The model integrates clinical characteristics and wearable data into a multi-layered architecture. This approach avoids dividing study groups into smaller groups for machine learning models and enables dynamic knowledge transfer between groups to improve prediction performance both with and without intervention. “
“The implications of this data-driven approach extend beyond randomized clinical trials to implementation in clinical care delivery, where the ability to predict patient outcomes depending on treatment received, and to do so early and along the course of treatment, can be meaningful. inform joint decision-making by the patient and the treating physician in order to tailor the treatment plan for that patient,” Ma said.
The machine learning approach provides a promising tool for building personalized predictive models based on data collected from randomized controlled trials.
Going forward, the team plans to leverage a machine learning approach in a new randomized controlled trial of behavioral interventions for telehealth using Fitbit bracelets and weight scales among patients in the weight loss intervention study.
About this neurotechnology and depression research news
author: Brandy Jefferson
Contact: Brandi Jefferson – WUSTL
picture: The image is in the public domain
original search: open access.
“Multitasking learning for randomized controlled trials: a case study on depression prediction using wearable dataWritten by Chenyang Lu et al.

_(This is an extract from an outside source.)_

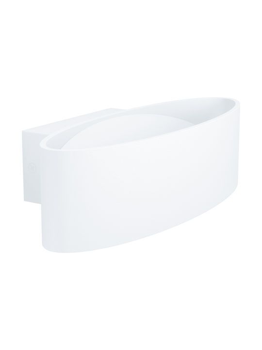 Μοντέρνο φωτιστικό τοίχου της Eglo σε λευκό χρώμα, με πλάτος 27εκ. Το ενσωματωμένο LED που διαθέτει εκπέμπει θερμό λευκό φως που αποδίδεται στην κλίμακα Kelvin με τιμές από 2400Κ έως 3800Κ. Αυτοί οι τόνοι του λευκού είναι πιο κίτρινοι σε σχέση με το φυσικό φως.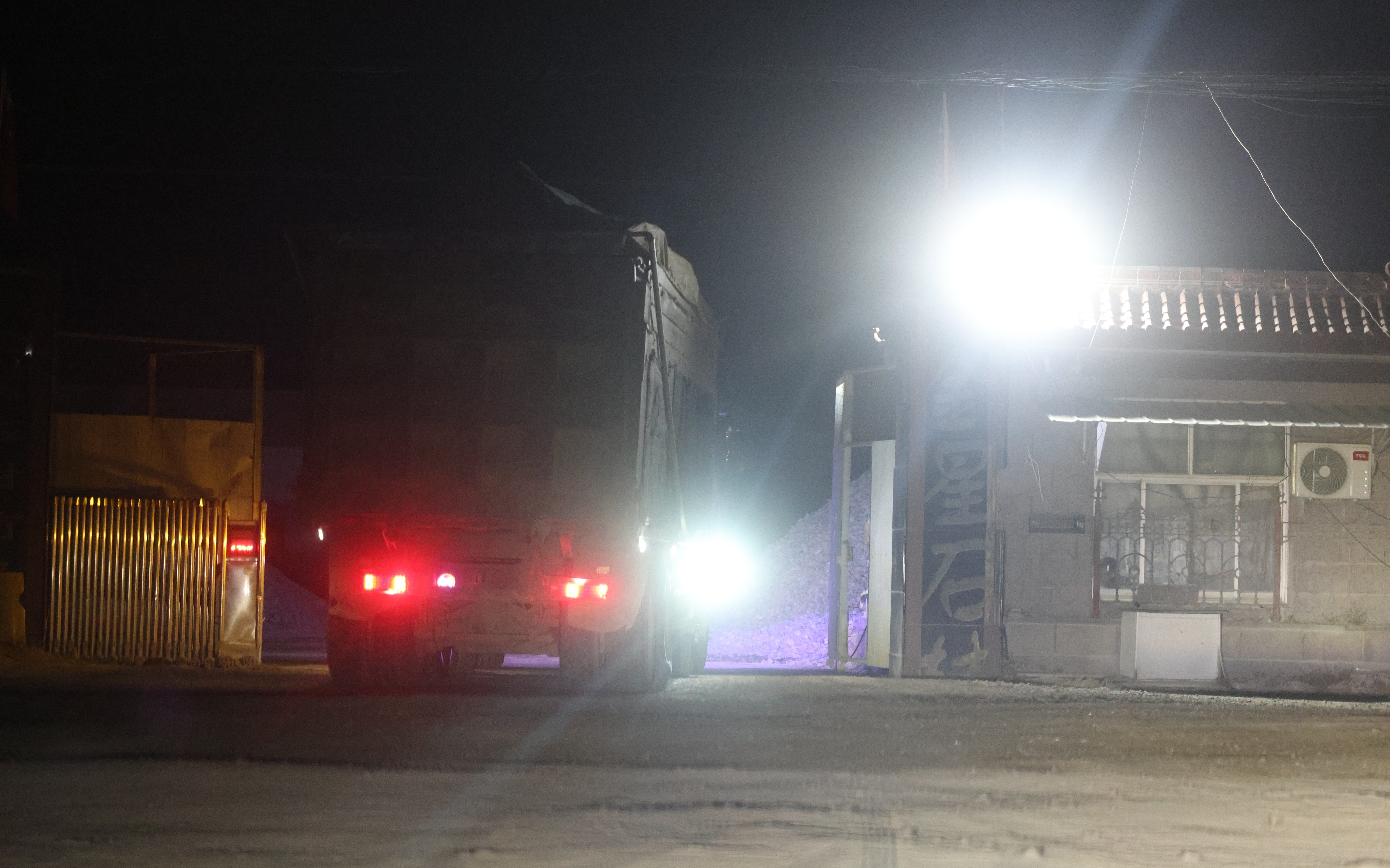 11月27日晚,一辆货车满载圣泉生态公司所开采的矿石,驶进平邑县金星石材公司。新京报记者李英强摄

ACM Actions on Interactive Wearable Technologies Available Everywhere on Mobile Devices
Multitasking learning for randomized controlled trials: a case study on depression prediction using wearable data
A randomized controlled trial (RCT) is used to study the safety and efficacy of new treatments, by comparing patient outcomes for the intervention group with the control group. Traditionally, randomized controlled trials rely on statistical analyzes to assess differences between treatment and control groups.
However, such statistical analyzes are generally not designed to assess the impact of the intervention at the individual level. In this paper, we explore machine learning models combined with RCT for personalized predictions of depression treatment intervention, in which patients were monitored longitudinally using wearable devices.
We formulate individual-level predictions in the intervention and control groups from RCT as a multi-task learning (MTL) problem, and propose a new MTL model designed specifically for randomized controlled trials. Instead of training separate models for the intervention and control groups, the proposed MTL model is trained on both groups, effectively expanding the training data set.
We develop a hierarchical model architecture to aggregate data from different sources and different longitudinal stages of the experiment, allowing the MTL model to exploit commonalities and capture the differences between the two groups. We evaluated the MTL approach in a randomized controlled trial of 106 depressed patients, who were randomly assigned to receive an integrated intervention treatment.
Our proposed MTL model outperforms both the single-task models and the traditional multi-task model in predictive performance, representing a promising step in using data collected in randomized controlled trials to develop predictive models for precision medicine.